What you need (Ingredients)
200 grams sliced or chopped button mushrooms (or cremini mushrooms)
1 medium-sized onion, finely chopped
2 to 3 medium-sized garlic, finely chopped
1 small tejpatta, known as Indian bay leaf
2 pinches of nutmeg powder
1 cup water/ better-preferred vegetable stock
1 cup whole full-fat milk – at room temperature/warm
6 tbsp low fat cream- about 25% to 30% fat
1 tbsp whole wheat flour or all-purpose flour can be used
2 tbsp unsalted butter
2 tsp chopped parsley or coriander leaves
freshly crushed black pepper
salt as needed
1 tsp finely chopped parsley/coriander/thyme/basil for garnishing
How to Prepare (Process)
Take a medium bottom deep saucepan, add butter and melt, butter should not be burned, add bay leaf and stir until fragrant, add chopped onion and garlic, saute on medium flame until soft and translucent. Remove the bay leaf.
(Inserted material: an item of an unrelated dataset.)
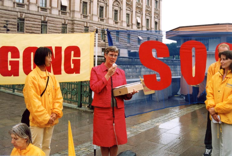 | 瑞典学员在记者招待会上发表声明 | 市民对法轮功的人权问题表示极大的关注。 |

Add the sliced mushrooms in the saucepan and stir, saute till water is released and dries up, mushrooms should become a little golden. Now add flour, stir well for 4-5 minutes in low flame until raw aroma goes away, add a tsp of freshly ground black pepper and combine.
Add vegetable stock/water, now slowly add full-fat milk, keep stirring slowly, add 2 tsp salt, simmer the soup on a low-medium flame, the soup will begin to froth and bubble, wait until thickens, stir in between.
When soup gets almost into required consistency add the low-fat cream, stir slowly and mix well; Add chopped parsley or coriander and nutmeg powder (can be skipped), taste the salt, and add more if required simmer for 2 more minutes, switch off the flame.
How to serve:
Pour the soup into 3 individual serving bowls (can be lessened or increased)
Garnish with finely chopped parsley/coriander/thyme/basil
To maintain the quality and prevent milk to be torn, warm it a little before adding and add slowly while stirring continuously.
To increase the flavor, sprinkle some freshly ground black pepper on the serving bowl. You can also add oregano seasoning for extra flavor.
You can serve Cream of Mushroom Soup with a sandwich, bread, pasta or spaghetti, salad of mixed veggies, a rice dish, or dumplings.
The Cream of Mushroom Soup recipe serves 2-3 persons although it can be increased by adding ½ cup vegetable stock. To make it more creamy, chop the mushrooms and break them while sauteing. If you love biting into mushrooms while eating the soup then better keep it sliced.